16 Ocak 2010 Cumartesi

TEVRİYE




Edebiyatta nükte yapmak amacıyla bir sözcüğü birden fazla anlamıyla kullanma sanatıdır. Bu sanatta kelimenin iki gerçek anlamından biri yakın biri uzak anlamdır. Sözün yakın anlamı söylenir, uzak anlamı kastedilir. Daha doğrusu uzak anlam okuyucunun hemen kavrayamayacağı biçimde gizlenir. Okur yakın anlamla oyalanır fakat anlatılmak istenen uzak anlamı sonra fark eder böylece şiire güzellik katılmış olur.

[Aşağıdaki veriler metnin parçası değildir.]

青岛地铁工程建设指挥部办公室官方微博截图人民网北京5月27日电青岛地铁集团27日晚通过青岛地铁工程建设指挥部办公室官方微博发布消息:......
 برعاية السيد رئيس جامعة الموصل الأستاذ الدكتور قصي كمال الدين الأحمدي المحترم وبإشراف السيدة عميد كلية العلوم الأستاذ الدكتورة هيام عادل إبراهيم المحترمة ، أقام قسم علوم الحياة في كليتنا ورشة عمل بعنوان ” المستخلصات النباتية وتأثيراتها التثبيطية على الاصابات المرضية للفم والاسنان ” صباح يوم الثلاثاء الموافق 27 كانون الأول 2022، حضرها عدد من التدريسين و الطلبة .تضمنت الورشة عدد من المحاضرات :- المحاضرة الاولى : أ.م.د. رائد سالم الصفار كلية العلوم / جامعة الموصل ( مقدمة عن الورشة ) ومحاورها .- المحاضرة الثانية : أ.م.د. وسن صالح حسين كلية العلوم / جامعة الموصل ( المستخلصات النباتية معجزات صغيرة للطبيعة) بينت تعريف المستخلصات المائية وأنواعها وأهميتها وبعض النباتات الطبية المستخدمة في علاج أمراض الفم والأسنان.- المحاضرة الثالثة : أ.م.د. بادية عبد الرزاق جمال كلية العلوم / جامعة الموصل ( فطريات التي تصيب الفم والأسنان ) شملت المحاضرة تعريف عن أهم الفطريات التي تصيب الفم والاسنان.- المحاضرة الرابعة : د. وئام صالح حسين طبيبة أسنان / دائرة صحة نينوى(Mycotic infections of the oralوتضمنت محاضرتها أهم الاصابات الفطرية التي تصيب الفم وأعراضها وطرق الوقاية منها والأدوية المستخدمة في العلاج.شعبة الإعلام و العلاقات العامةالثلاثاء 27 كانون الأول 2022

Bu kadar letâfet çünkü sende var
Beyaz gerdanında bir de ben gerek

Bu dizelerde ben sözcüğüyle tevriye yapılmıştır. “Ben” yüzde bulunan siyah lekelerdir.Bu yakın anlamdır uzak anlamında ise şairin kendi kişiliği,birinci tekil şahısı olan “ben” vardır.

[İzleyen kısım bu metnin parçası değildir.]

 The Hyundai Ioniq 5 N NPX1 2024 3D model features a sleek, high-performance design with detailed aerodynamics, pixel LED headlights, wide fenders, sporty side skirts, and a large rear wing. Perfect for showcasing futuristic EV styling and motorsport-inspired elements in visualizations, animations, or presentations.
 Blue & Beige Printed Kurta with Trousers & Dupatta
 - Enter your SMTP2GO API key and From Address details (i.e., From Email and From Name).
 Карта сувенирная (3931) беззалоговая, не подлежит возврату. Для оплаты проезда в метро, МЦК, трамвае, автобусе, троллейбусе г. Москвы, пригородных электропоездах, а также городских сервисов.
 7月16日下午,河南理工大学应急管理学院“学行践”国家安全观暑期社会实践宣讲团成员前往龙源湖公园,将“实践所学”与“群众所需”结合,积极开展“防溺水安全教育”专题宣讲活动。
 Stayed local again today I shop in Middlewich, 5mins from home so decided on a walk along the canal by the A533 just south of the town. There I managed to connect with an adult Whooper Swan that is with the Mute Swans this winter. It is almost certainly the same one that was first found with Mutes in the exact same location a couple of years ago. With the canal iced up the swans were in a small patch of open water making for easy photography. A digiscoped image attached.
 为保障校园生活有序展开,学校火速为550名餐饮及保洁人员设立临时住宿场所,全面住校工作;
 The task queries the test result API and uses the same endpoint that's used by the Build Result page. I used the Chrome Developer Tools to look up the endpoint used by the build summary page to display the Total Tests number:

Sarımsak da acı; ama her eve lazım bir dişi

Sarımsağın tanesi parçası anlamındaki diş yakın anlamdır, Hemen akla geliyor. “bayan, kadın” anlamındaki dişi sözcüğü ise uzak anlamındadır.

Dedim dilber niçin sararıp soldun
Dedi : Çekdiceğim dil yâresidir.


“Dil yâresi” sözünde tevriye vardır.Dil sözcüğü hem “tat alma organı” hem de “gönül, yürek” anlamlarında kullanılmıştır.Şair, yakın olan dilindeki yaranın kendisinin sararıp solmasına yol açtığını söylerken uzak anlam olan bir güzele olan aşkı nedeniyle böyle sararıp solduğunu anlatmak istemiştir.

Sordum nigârı dedi ahbab
Semt-i Vefa’da doğru yoldadır.


Bu mısralarda “Vefa Semti” sözleri ile tevriye yapılmıştır.Vefa sözcüğünün ilk anlamı sözünde durmaktır. Uzak anlamı ise İstanbul’da bir semt adıdır.

Biri var pencerede
Pencere önlerinde ağlar, durur.

Bu dizelerde “ağlar, durur” sözlerinde tevriye vardır. Sözcük “ağlamak” eyleminin geniş zaman çekimi olarak ve “balık ağları” Yakın anlam olarak “ağlamak” anlamı söylenirken uzak anlam dairesinde “balık ağları” kastedilmiş, böylece tevriye yapılmıştır.

Bana Tahir Efendi kelp demiş.
İltifatı bu sözde zâhirdir.
Mâlikî benim mezhebim zira
İtikadımca kelp Tâhir’dir.


“Tâhir” sözcüğünde tevriye vardır.Birincisi temiz anlamında kullanılması, ikincisi ise özel isim olmasıdır. Şair kelp diye bahsettiği köpeğin Malikî mezhebine göre temiz olduğunu söylüyormuş gibi davranıyor; ama asıl kastettiği anlam kendisine kelp(köpek) diyen Tahir Efendi’nin köpek olmasıdır.

Ulusun, korkma nasıl böyle bir imanı boğar
Medeniyet dediğin tek dişi kalmış canavar.


“Ulusun” sözcüğündeki tevriyeyi hemen görmüş olmalısınız.İki gerçek enlemından biri milletin ulu, yüce olduğudur. İkincisi ise medeniyet adlı tek dişi kalmış canavarın homurtusu olan “uluma” eylemidir.